Mel O Neill is a mum of two from Penketh who has had breast cancer for more than a decade.
She writes a regular blog for the Warrington Guardian
It has been 16 months now since my last chemotherapy session and no sign of cancer anywhere in my skin or my body.
I would love to say I always knew that something would come along and work for me by putting the cancer to sleep so I could finally get on with my life but I’d be lying.
On National Reminiscing Day (there’s a day for everything now) I am writing a blog remembering all the many times I broke down on many different people, some friends, some family, some well wishers and even some strangers, reduced to tears as consumed with fear that cancer would take my life and my funeral was around the corner.
Recalling the many times I was taken off my failing chemotherapy and put onto another one of many to try, consumed with fear yet holding onto a thread of hope that this “new” regime may send me into remission, I took blow after blow as each one eventually failed.
After Mother’s Day I would like to take this opportunity to honour all those who have lost their mums and all those mums who have lost their child.
As the day approached they would have been feeling their loss and pain intensified. I can only imagine their grief as I thought my kids would suffer my loss too on days like this and was torn apart by this thought, but thank God it was only a thought clearly reminding me of how the mind rules the body and how my worries were unjustified.

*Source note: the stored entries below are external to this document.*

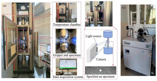 Tensile test for various temperatures. (a) Zwick/Roell tensile test machine, (b) DIC test machine, (c) SEM test of fracture specimens.
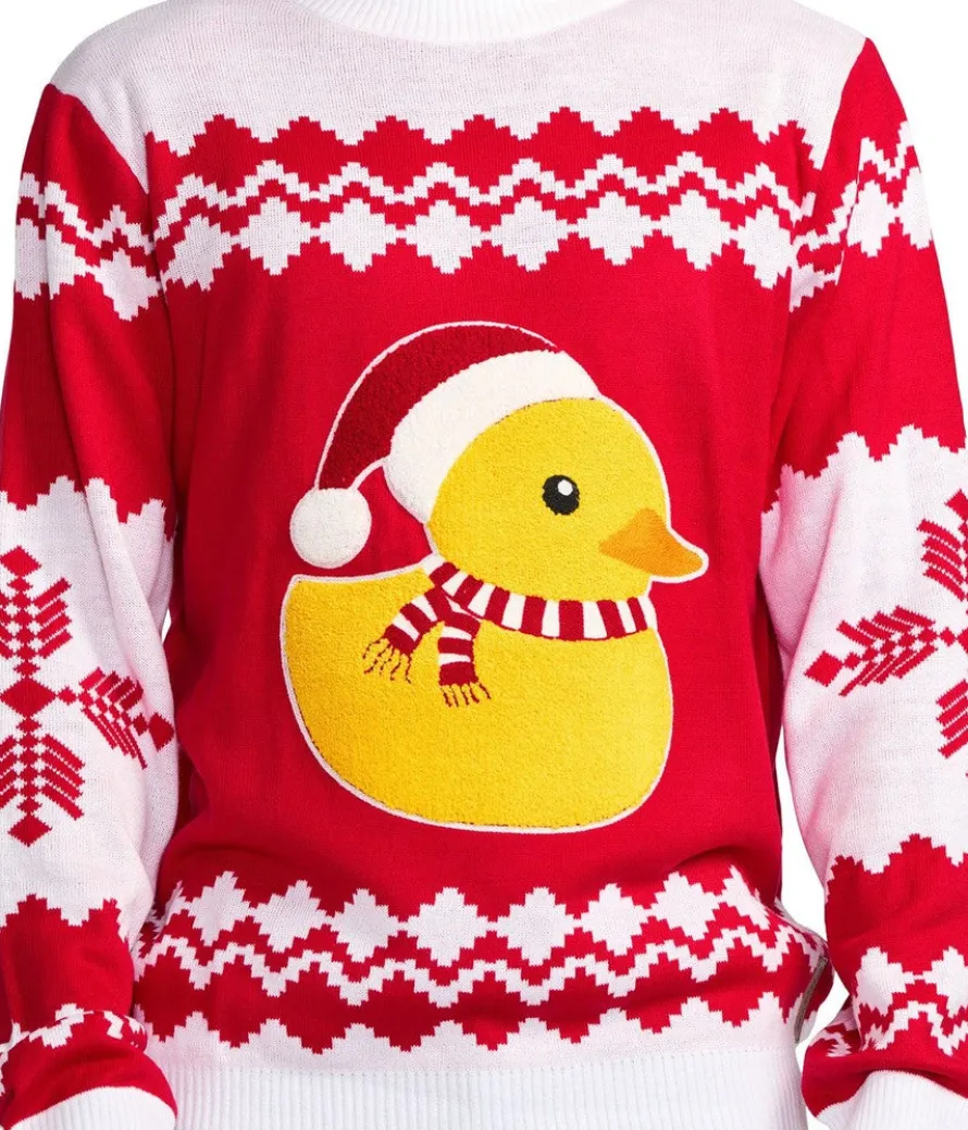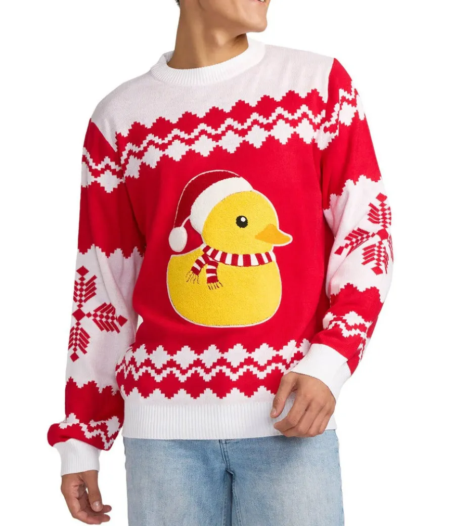 Ah, the holidays. Getting together with long-lost family, making time to relax, and mingling with old friends over wine, cheese and crackers. Or should we say, quacker? Keep the childhood Christmas dreams alive in the Men’s Rubber Ducky Ugly Christmas Sweater, showing the seasonal variation of your favorite bath toy from back in the day.
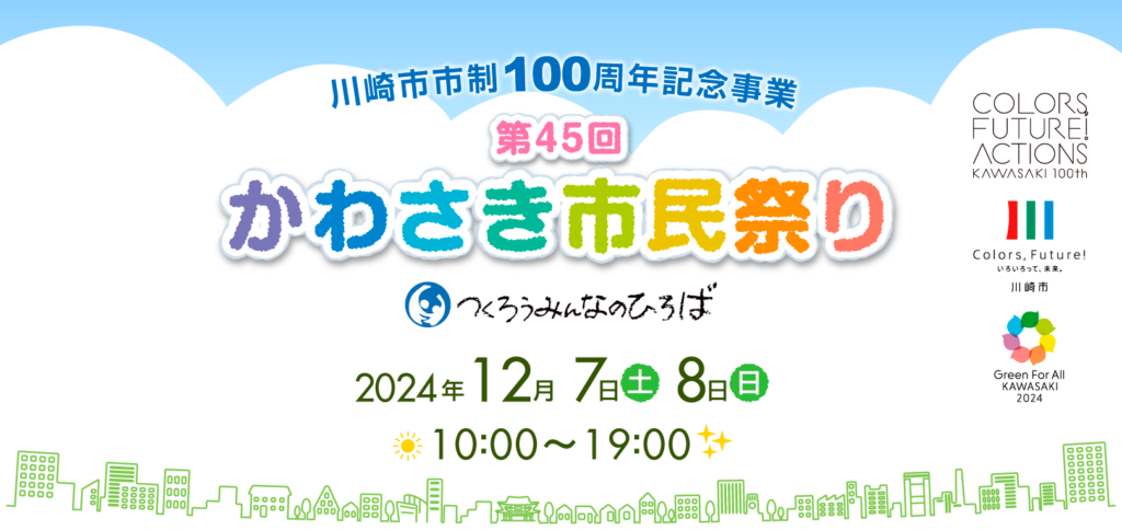 「つくろう みんなのひろば」を合言葉に、川崎を広く内外に誇れるものとし、より豊かな市民文化の創造と地域経済の活性化を推進するとともに、本年度は市制100周年記念事業として、市民・事業者・行政が一体となり「かわさき市民祭り」を開催します!
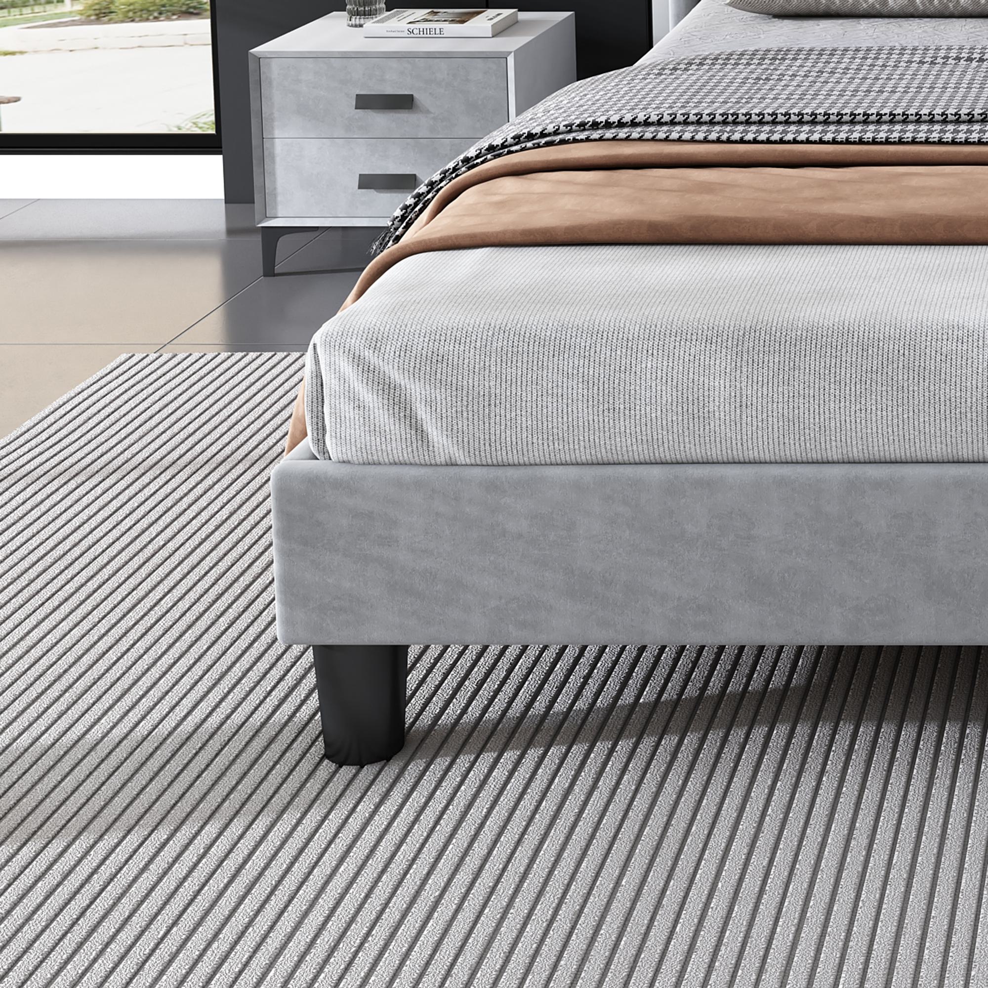 Velvet Upholstered Double Bed with Storage, LED Light Strip, 4 USB Ports, Velvet, 204L x 140W x 107H cm, Gray

My kids were always and always will be my priority as I strived to create normality in their life with the help of my husband and parents.
I am eternally grateful for all the love and support network I have around me that have (and still have) getting me through my dark days.
As I continue to receive life’s blows, accepting my partially blind diagnosis and being unable to drive no more, my memory loss and brain fog, persisting with my mouth ulcer pain and watery eye condition and persevering with my swollen, lymphoedema in my right arm and hand, I know that nothing in the world will ever be as enormously heart wrenching as the fear of leaving my kids to grow up without a mum. As I give my head a wobble I realise that none of these things threatens my life and I realise that life’s not so bad after all.
Because this year I have grabbed life with both hands and thrown myself into achieving things I love to do like poetry, more writing, makeup lessons and skincare and I can happily say it has changed my life. I am so much more content, fulfilled, confident and empowered learning slowly how to accept compliments because I feel I am earning them by choice not because of circumstance.
As I was completely and utterly overwhelmed to be listed as one of Warrington’s Inspirational Women on International Women’s Day on March 8 (remembered because it’s lands on my birthday) I felt honoured, humbled yet proud of my achievement in wanting to write about my experiences to help others.
Being living proof of “life is what you make it” having been through a very dark time, I am able to inspire others including my children which always reduces me to tears..happy tears though.
Life continues to throw worries and obstacles my way like a recent skin cancer scare that was dealt with immediately, leaving me relieved and reassured I need worry no more on the matter and Covid interrupting my latest treatment regime for my lymphoedema arm after completing two of the three week course but it’s ok. I’m ok. Life is good and I must remember never to forget that.
So as I reminisce on this day recounting the bad times, I choose to remember all the good too and the love and support that helped get me where I am today knowing things could change at anytime (like a recent health scare taught me) and how I must live in the now continuing to remain more present as my wonderful friend and secondary sister (we both have secondary breast cancer) Nikki Jane recently reminded me.